Data for analysis: Begin
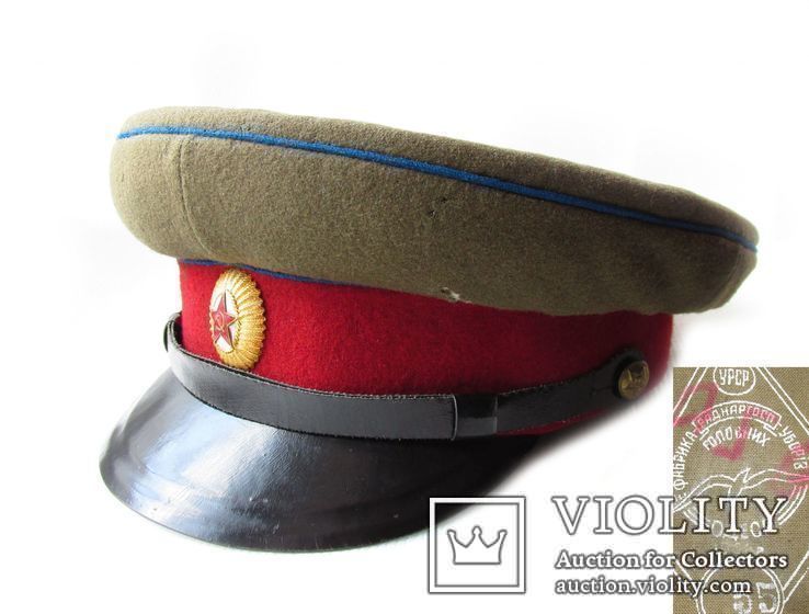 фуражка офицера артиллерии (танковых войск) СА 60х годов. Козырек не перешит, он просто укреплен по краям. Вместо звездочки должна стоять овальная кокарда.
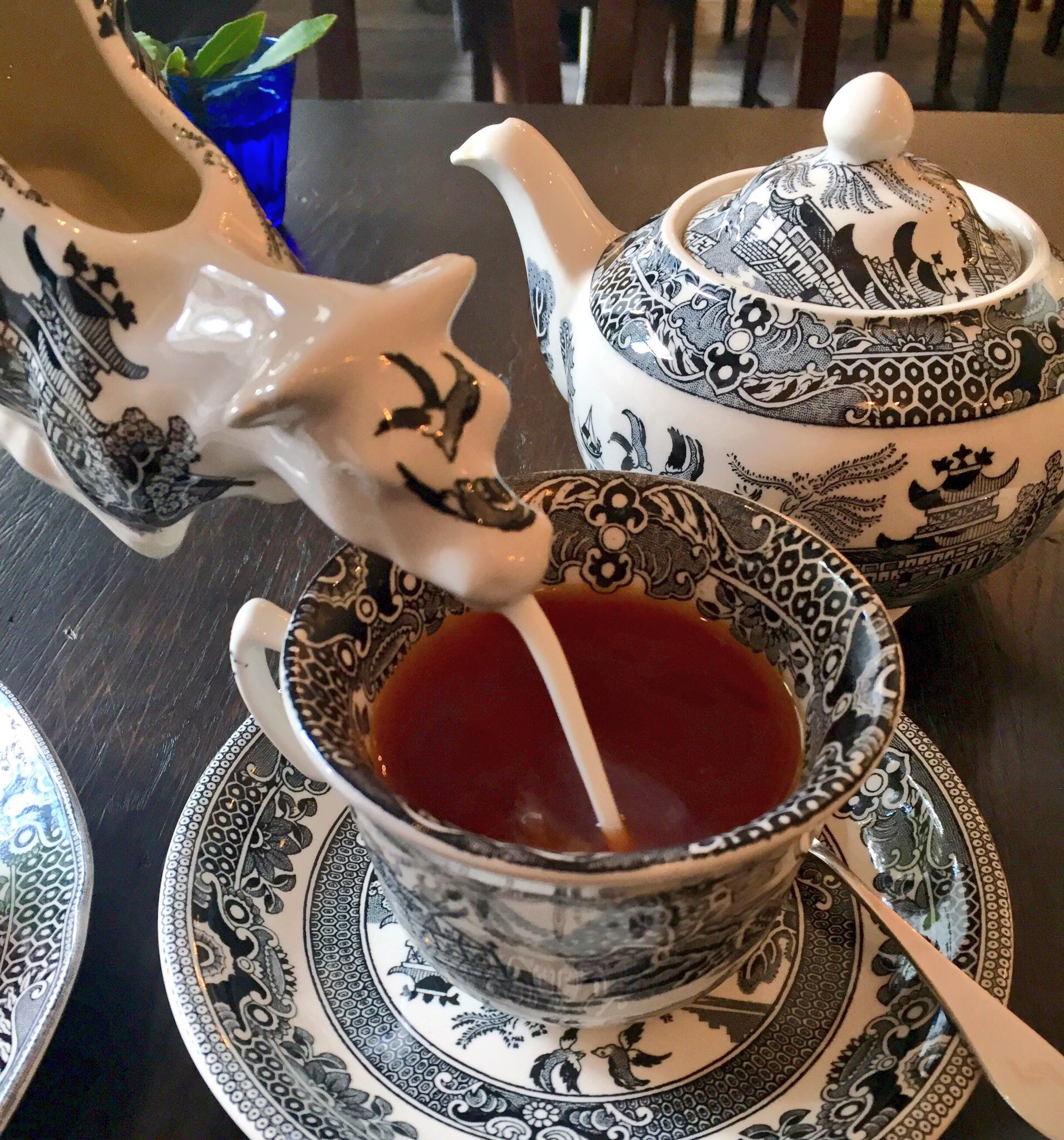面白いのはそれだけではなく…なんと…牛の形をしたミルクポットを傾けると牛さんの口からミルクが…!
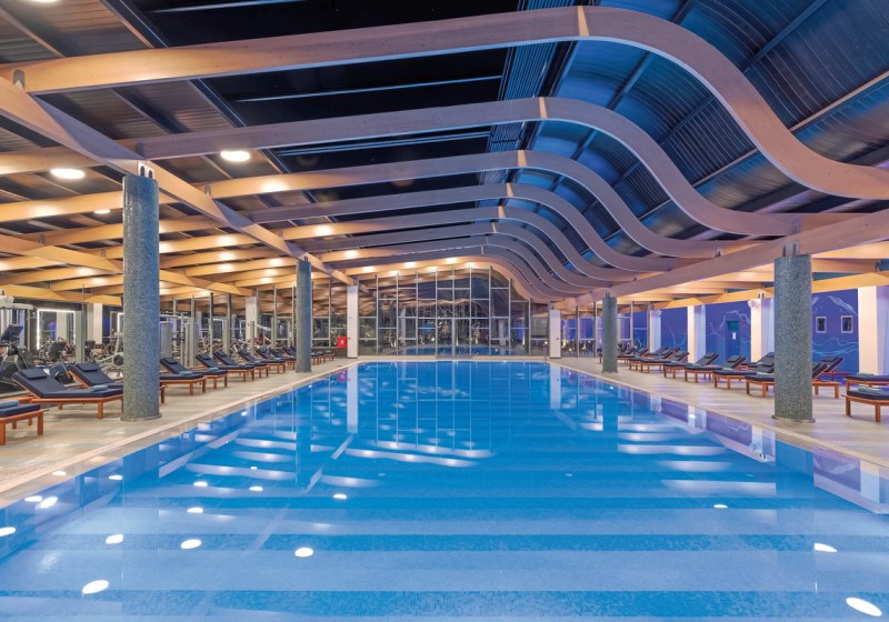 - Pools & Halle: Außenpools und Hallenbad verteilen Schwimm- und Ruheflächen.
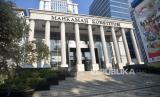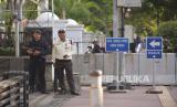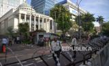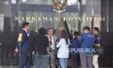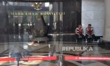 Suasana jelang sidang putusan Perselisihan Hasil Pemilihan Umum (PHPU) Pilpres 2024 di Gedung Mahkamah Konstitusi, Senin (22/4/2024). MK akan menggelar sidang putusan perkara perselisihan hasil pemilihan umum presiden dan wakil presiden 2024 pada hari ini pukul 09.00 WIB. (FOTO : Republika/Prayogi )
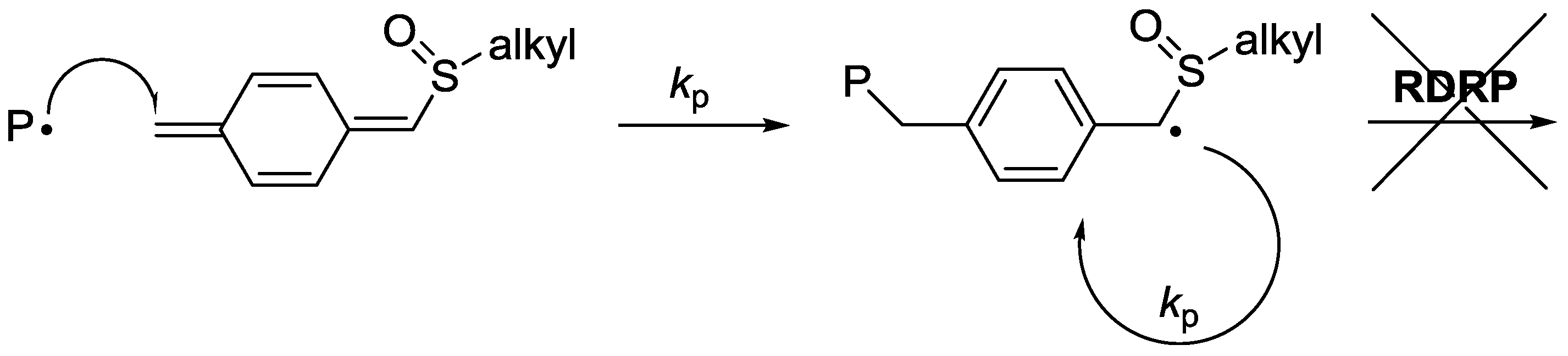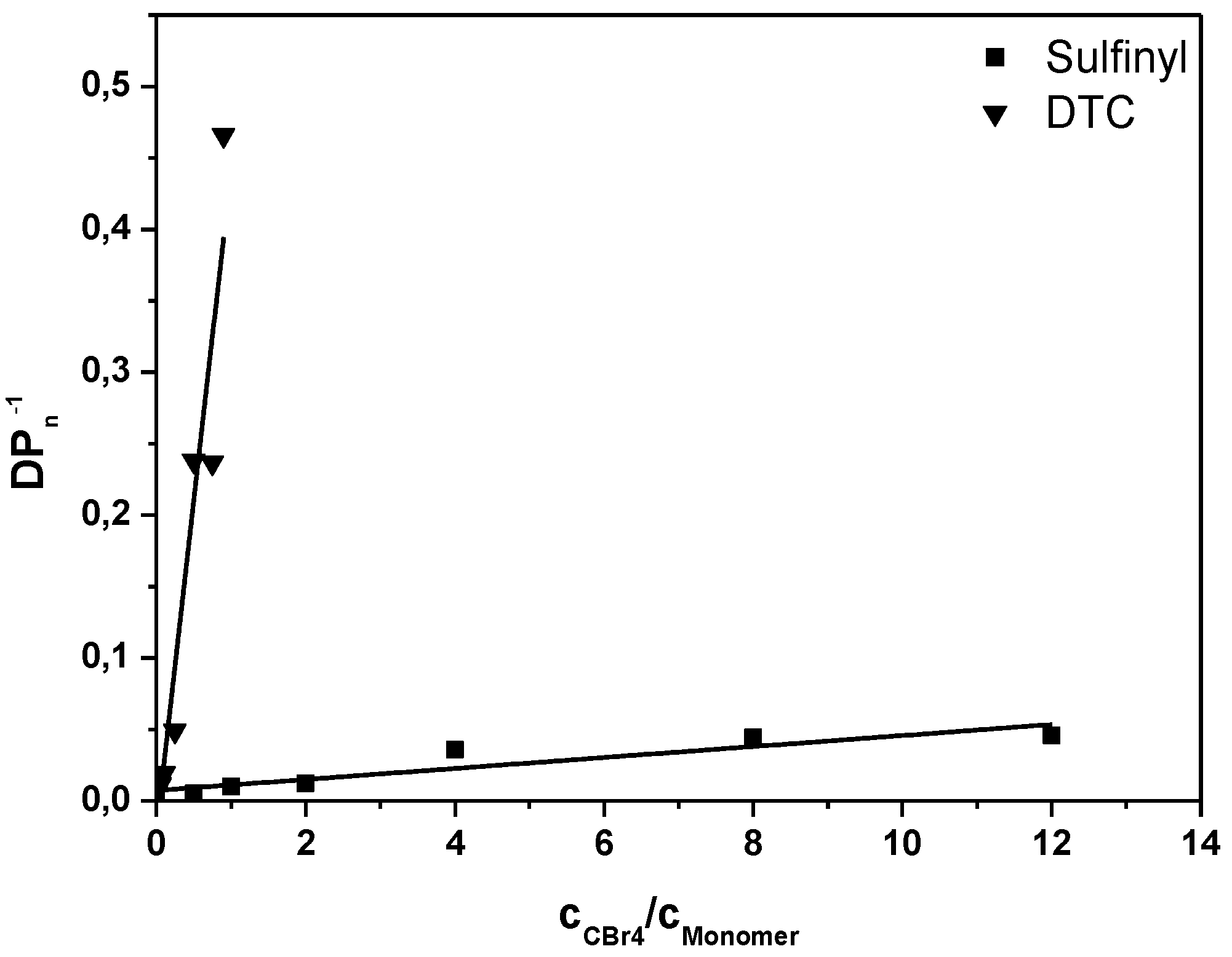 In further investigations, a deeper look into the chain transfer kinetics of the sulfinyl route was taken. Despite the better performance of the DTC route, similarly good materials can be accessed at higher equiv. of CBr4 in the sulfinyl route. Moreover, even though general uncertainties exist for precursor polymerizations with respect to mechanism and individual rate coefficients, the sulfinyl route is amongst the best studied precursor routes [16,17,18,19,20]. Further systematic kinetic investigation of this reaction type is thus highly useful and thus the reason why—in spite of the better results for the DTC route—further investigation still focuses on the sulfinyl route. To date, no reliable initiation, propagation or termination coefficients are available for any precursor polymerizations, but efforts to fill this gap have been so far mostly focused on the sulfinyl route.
Data for analysis: End
Data for analysis: Begin
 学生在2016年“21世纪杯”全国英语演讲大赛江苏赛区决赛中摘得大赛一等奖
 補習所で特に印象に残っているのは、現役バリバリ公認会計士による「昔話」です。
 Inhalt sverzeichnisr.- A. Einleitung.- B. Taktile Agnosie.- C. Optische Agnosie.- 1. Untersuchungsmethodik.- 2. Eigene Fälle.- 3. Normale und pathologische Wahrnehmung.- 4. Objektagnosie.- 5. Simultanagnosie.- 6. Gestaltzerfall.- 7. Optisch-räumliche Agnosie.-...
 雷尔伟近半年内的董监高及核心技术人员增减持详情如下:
Data for analysis: End
» Task brief: Above are the records. Copy only the lines from the one with "фуражка офицера артиллерии" through the one with "- Pools & Halle: Außenpools", exactly, with no pictures.

» Exercise result:
 фуражка офицера артиллерии (танковых войск) СА 60х годов. Козырек не перешит, он просто укреплен по краям. Вместо звездочки должна стоять овальная кокарда.
面白いのはそれだけではなく…なんと…牛の形をしたミルクポットを傾けると牛さんの口からミルクが…!
 - Pools & Halle: Außenpools und Hallenbad verteilen Schwimm- und Ruheflächen.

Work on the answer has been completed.